• **Task brief**:
The line containing "링 + 한국식 베이킹 팬" and each line after it, through the final line of the data, are to be retyped exactly, with pictures left out.

• **Records provided**:
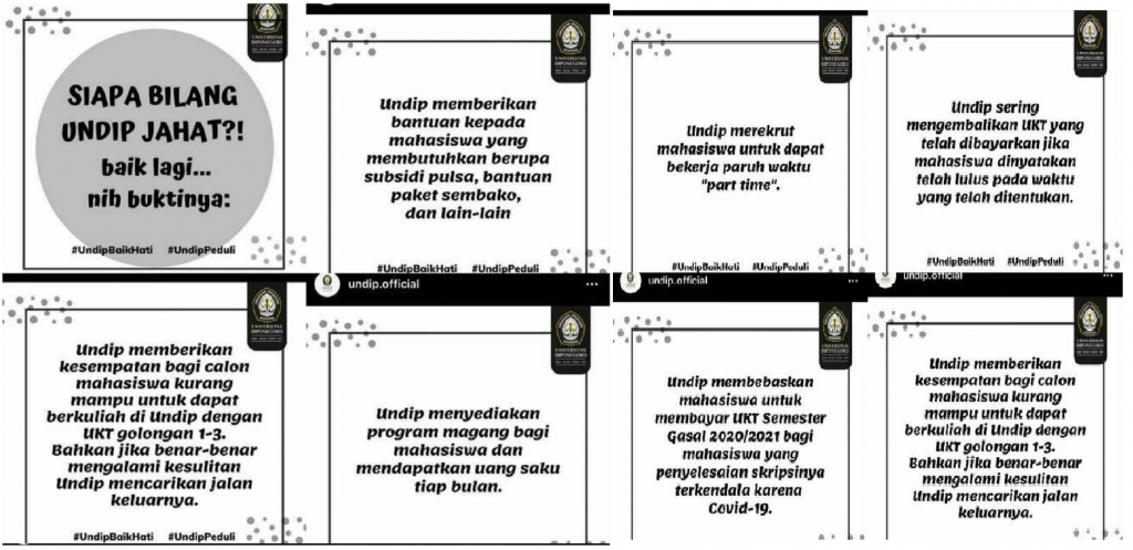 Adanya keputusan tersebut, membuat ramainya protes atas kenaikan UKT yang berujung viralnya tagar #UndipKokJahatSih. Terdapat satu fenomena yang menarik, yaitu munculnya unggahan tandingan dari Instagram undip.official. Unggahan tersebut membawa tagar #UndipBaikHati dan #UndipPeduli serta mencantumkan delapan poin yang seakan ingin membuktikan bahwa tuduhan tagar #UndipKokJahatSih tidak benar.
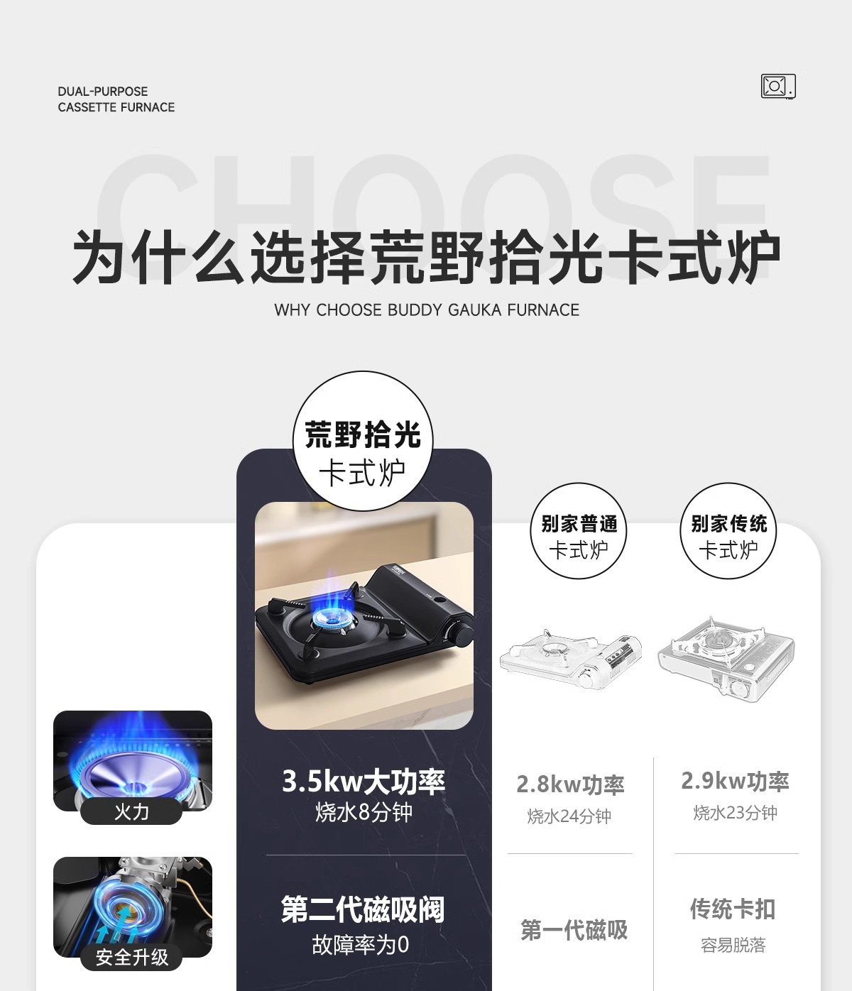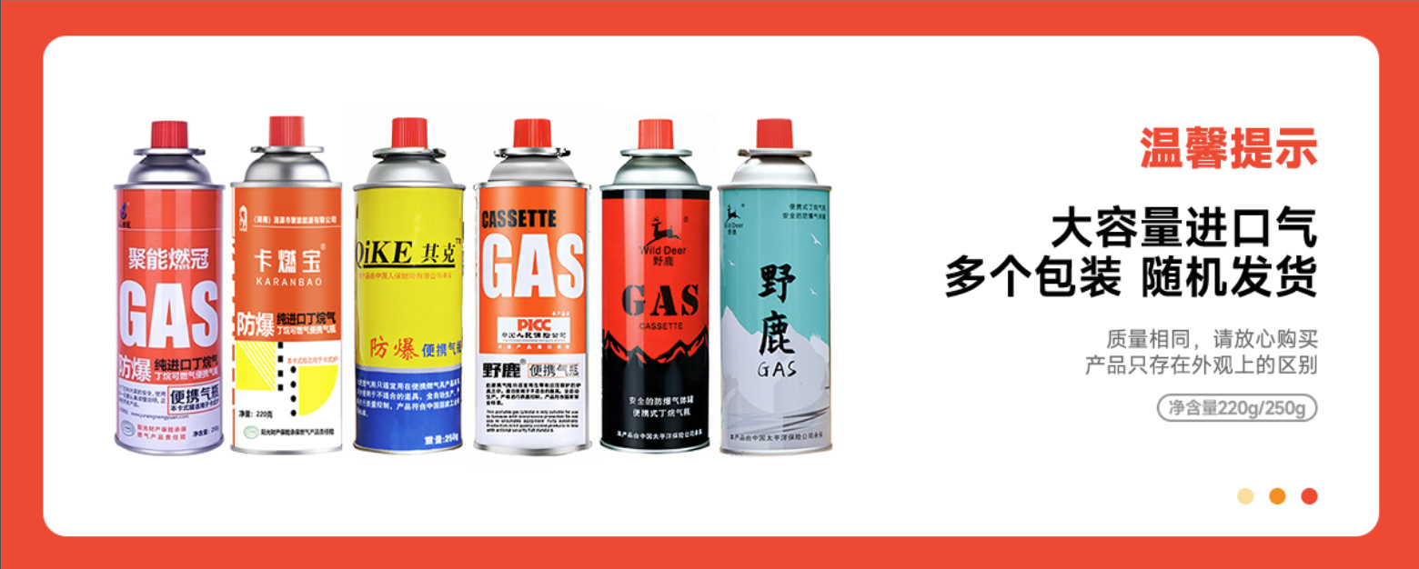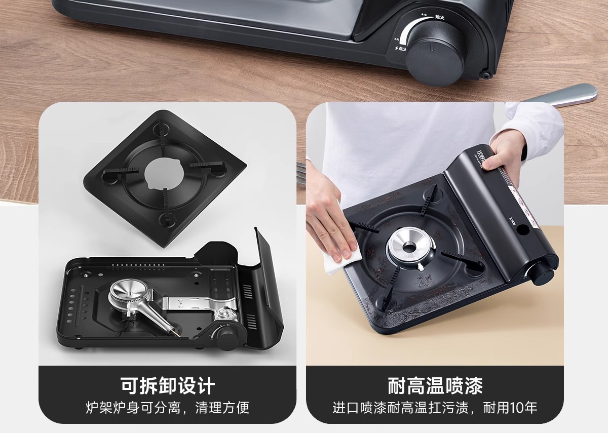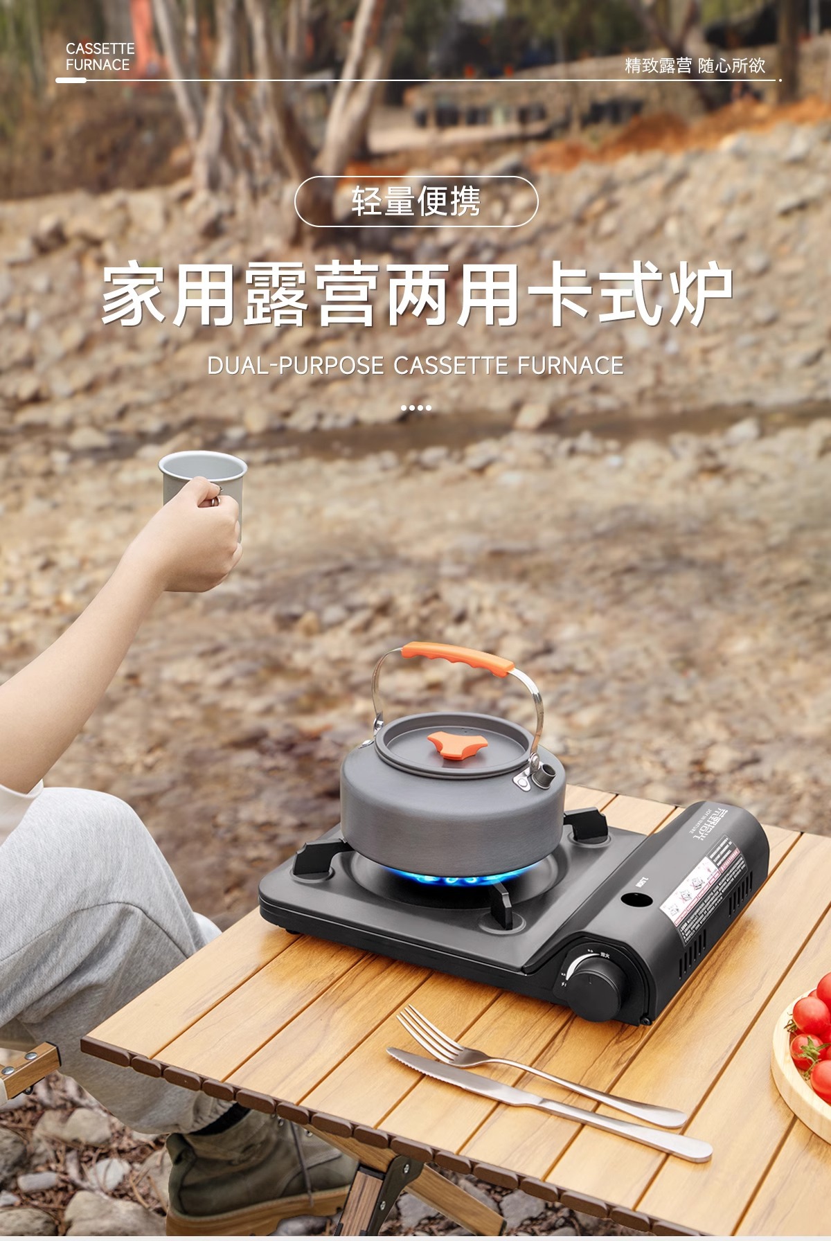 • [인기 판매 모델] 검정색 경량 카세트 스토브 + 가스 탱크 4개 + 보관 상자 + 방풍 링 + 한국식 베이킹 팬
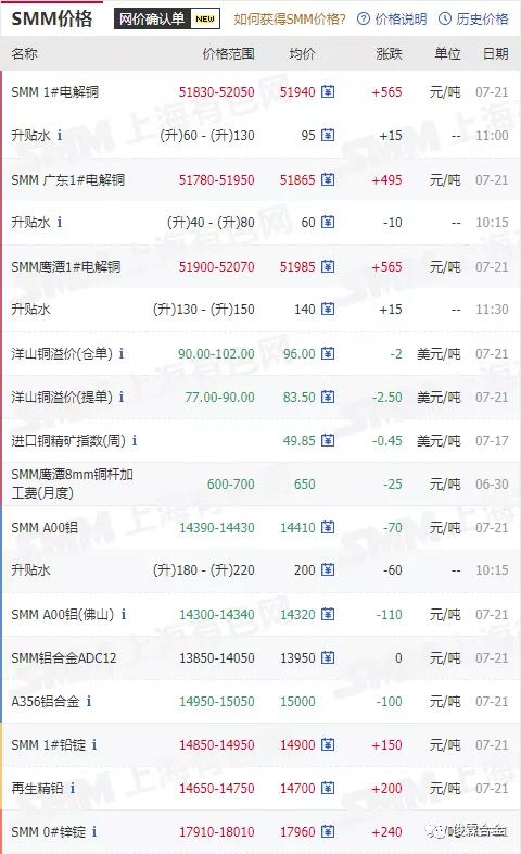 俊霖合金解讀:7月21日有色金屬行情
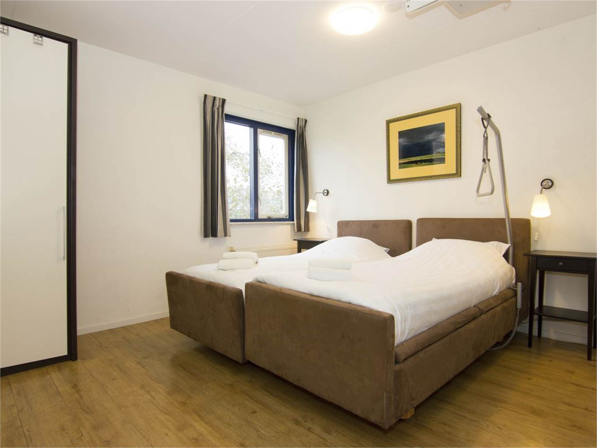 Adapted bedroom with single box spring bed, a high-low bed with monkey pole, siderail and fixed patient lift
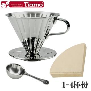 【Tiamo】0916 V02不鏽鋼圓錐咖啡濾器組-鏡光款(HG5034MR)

• **Solution for this problem**:
 • [인기 판매 모델] 검정색 경량 카세트 스토브 + 가스 탱크 4개 + 보관 상자 + 방풍 링 + 한국식 베이킹 팬
 俊霖合金解讀:7月21日有色金屬行情
 Adapted bedroom with single box spring bed, a high-low bed with monkey pole, siderail and fixed patient lift
 【Tiamo】0916 V02不鏽鋼圓錐咖啡濾器組-鏡光款(HG5034MR)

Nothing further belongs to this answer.